Sam was the love of my life. I wanted to grow old with him. Sam’s still got a lot of life left, and I know that he’s the kind of man who won’t be able to help loving again and loving hard. I know that, if I’m gone, there will be someone else eventually. I know that he’ll find you, and I know that if he loves you, you are a good man. So I want to conclude by saying thank you. Thank you for giving him what I couldn’t. For giving him what got taken away from me by neo-Nazis with bad aim. Sam has a heart that needs to be poured out and poured into. He’s a long-term kind of person who relishes commitment and loyalty. So thank you for being there for him. I know that there will be times where he is still grieving me. I don’t mean that I’m so great or anything, but he’s not the kind of person who will move on quickly, and as his first love, I’ll always hold a place in his heart that is mine alone. I’m not saying that to scare you off or make you feel less than. Sam just loves that hard. So thank you for being patient with him for that. I know it might hurt sometimes, but he will never let you doubt his love for you. Not for one second. 

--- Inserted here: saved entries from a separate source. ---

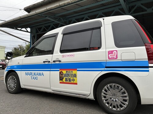 国の「消防団の力向上モデル事業」を活用し、作成した「消防団員募集」マグネットシートを市内の民間事業者等の車両及び市の公用車、消防団車両等に掲示し、市内全域で消防団員募集PRを実施しております。
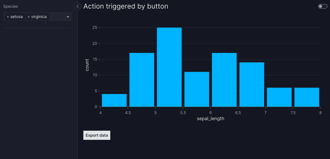 Many [Vizro models][vizro.models] have an actions argument that can contain one or more actions. Each action is a Python function that is triggered by a user interaction.
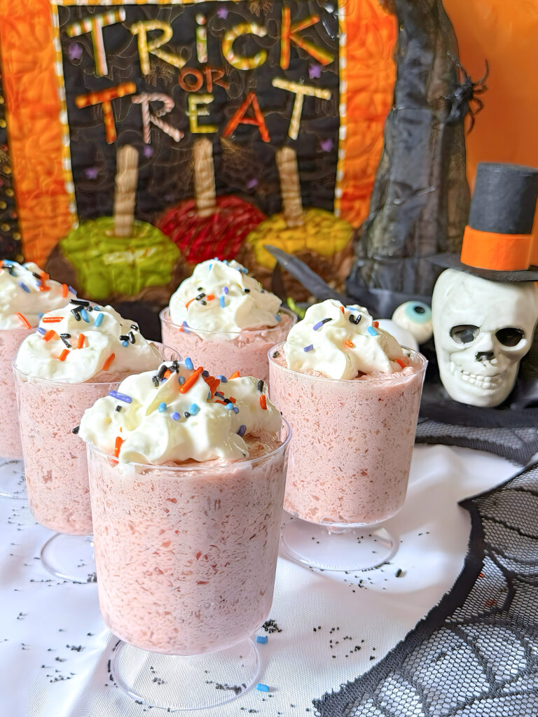Whisk together set Jello and pre-made whip cream. Top with whip cream and Halloween sprinkles or add gummy worms for a extra Halloween flare.
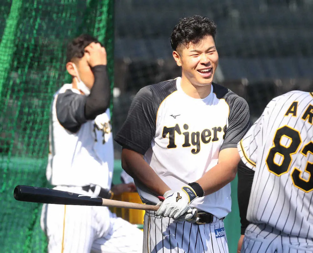 超人サトテル現る!?正体は転ばぬ先の走塁ガード 阪神・佐藤輝も流行アイテム着用
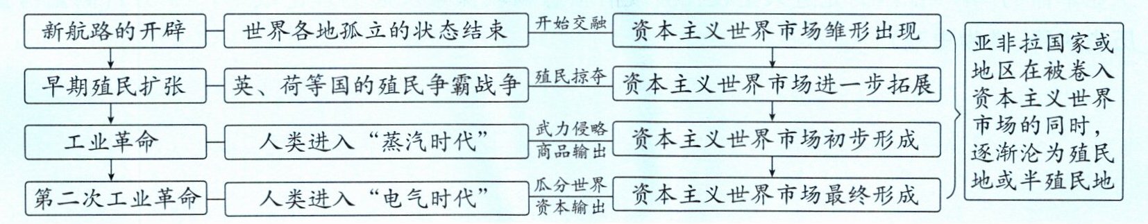 新航路开辟使资本主义世界市场雏形出现;早期殖民扩张使资本主义世界市场进一步拓展;工业革命使资本主义世界市场初步形成;第二次工业革命使资本主义世界市场最终形成,亚非拉国家或地区在这过程中逐渐沦为殖民地或半殖民地。
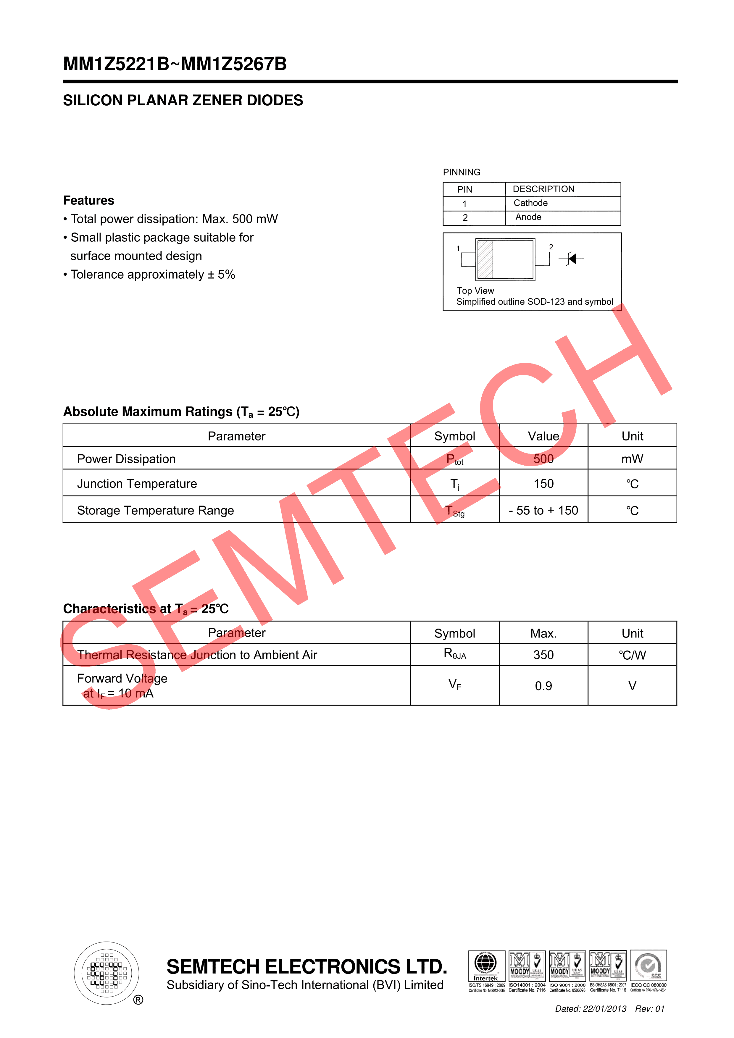 MM1Z5253B数据手册SOD-123封装ST(先科)PDF规格书,中英文下载
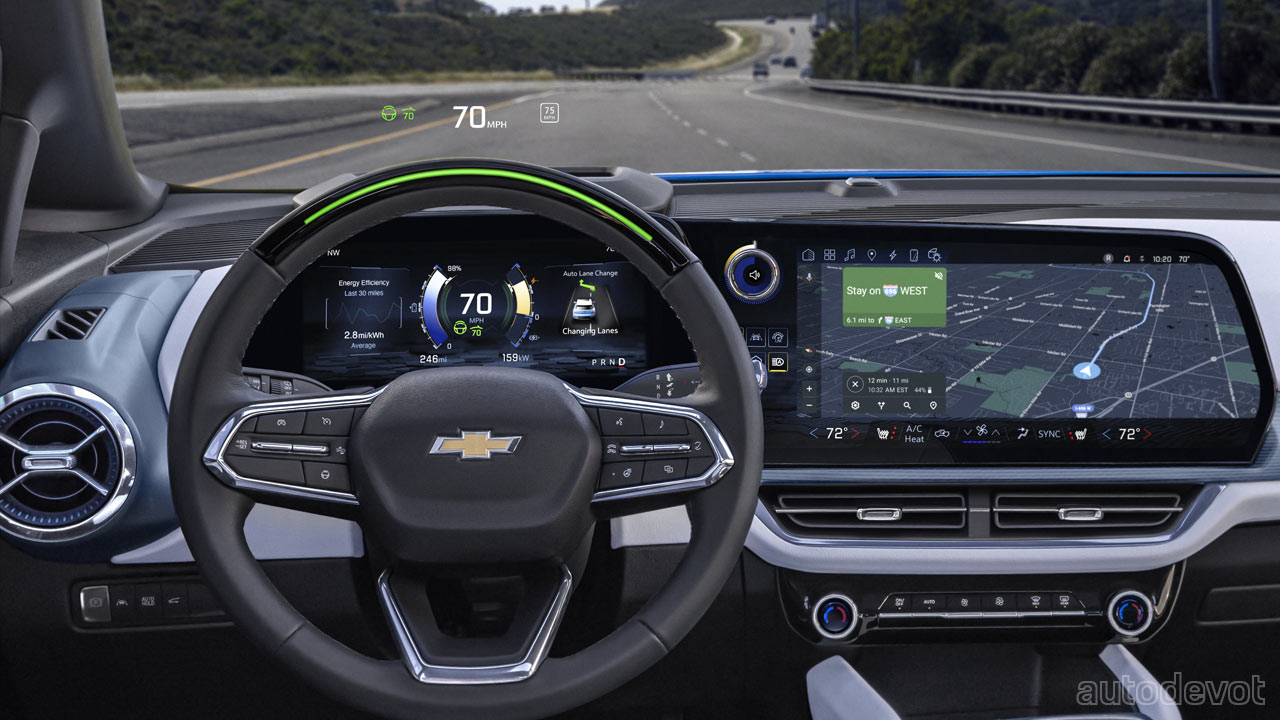 Key highlights of the base Equinox EV 1LT include 19-inch aluminum wheels, a 11-inch driver display, a 11-inch central touchscreen, manually-adjustable front seats, and standard Chevy Safety Assist suite which includes the usual stuff such as Automatic Emergency Braking, Following Distance Indicator, Forward Collision Alert, Front Pedestrian Braking, Lane Keep Assist with Lane Departure Warning and IntelliBeam automatic high beams. You also get Rear Park Assist, Reverse Automatic Braking, Safety Alert Seat, Rear Cross Traffic Braking, and Blind Zone Steering Assist.
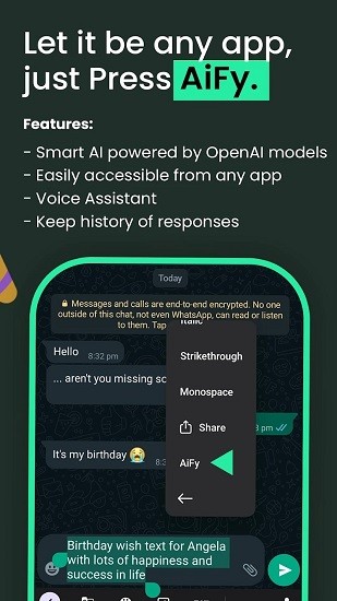 在任意位置选择文本,然后点击“AiFy”以生成对查询的智能响应。
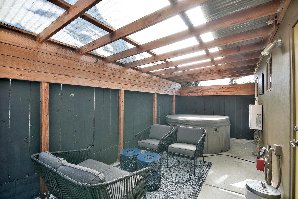 De nuestra familia de amantes de la playa a la tuya: bienvenido a nuestro santuario costero recién remodelado en el tranquilo Westside inferior de Santa Cruz. Pasea 5 minutos hasta Natural Bridges Beach durante el día. Por la noche, observa las estrellas desde el jacuzzi o reúnete alrededor de la fogata de gas. La vida silvestre abunda: desde nuestros colibríes y mariposas residentes en casa hasta avistamientos ocasionales de focas, nutrias y ballenas en Natural Bridges. ¿Tienes hambre o sed? ¡Pasea 10 minutos hasta el corazón de la escena cervecera, vinícola y gastronómica de Santa Cruz!

To illustrate this point, let me tell you that he has been sitting by me for as much of the thirty-six hours that I’ve been out of surgery as they’ll let him. He has wiped drool and blood from my mouth without judgment. He shaved my face because the nasal tube was rubbing against my stubble and he decided I’d be more comfortable after a shave. He has walked me to the bathroom, practically carrying me, and crouched on the floor by the toilet the whole time I struggled to take a crap. He has fed ice chips into my lips. He has sat up with me for hours while I agonized and while the nurses make sure I can breathe, just a steady presence by my side. He is asleep in the chair next to me right now. I don’t think he’d slept since it happened. He won’t leave me for a minute that he doesn’t have to. He hasn’t been hovering or crying or talking down to me. He’s kept track of my medicines and doesn’t bat an eye to pat sweat off my brow or give me space when I need it. 

They told me that the second thing I said when I woke up was to ask for Sam. He’s been exactly what I’ve needed, and I can tell he’s been exactly what I’ve needed despite this being the first time I haven’t been pretty delirious. That’s what it’s like to be loved by him. Fully, unconditionally, passionately, and intelligently. I would say that I don’t deserve him, but he thinks I do, and who am I to question him?

Looking at him now, I have a feeling that this whole letter probably won’t end up being necessary. Sam isn’t going to let me die. Maybe he’s rubbing off on me a little. But if these next seventy-two hours do take a turn for the worse and you are reading this, thank you for giving him the love he deserves. Thank you for giving him a second chance at happiness. All I want is to see Sam happy. I know that’s so trite it barely means anything anymore, but I lack Sam’s ability to make everything sound original and beautiful. That’s all I can say. 

I’d do anything to see Sam happy. And right now, I think what would make him happy is if I don’t die, so I’m going to sign off here and go back to focusing on not dying for him. But also for me, because I somehow ended up in a life where I get to love him, and I’m not giving that up without a pretty hard fucking fight. 

Sincerely,  
Josh Lyman

P.S. Sam snores. Not loudly. But he will tell you he doesn’t snore. But I swear to God, he snores. He’s snoring right now, in fact.

**Author's Note:**

> None of these characters belong to me, as always!!!
> 
> This is very different than what I normally write. And I'm much more comfortable writing as Sam than Josh. But I love the idea of being so fundamentally understood, so I wanted to play with this format and this is what happened. And these two sure do understand each other.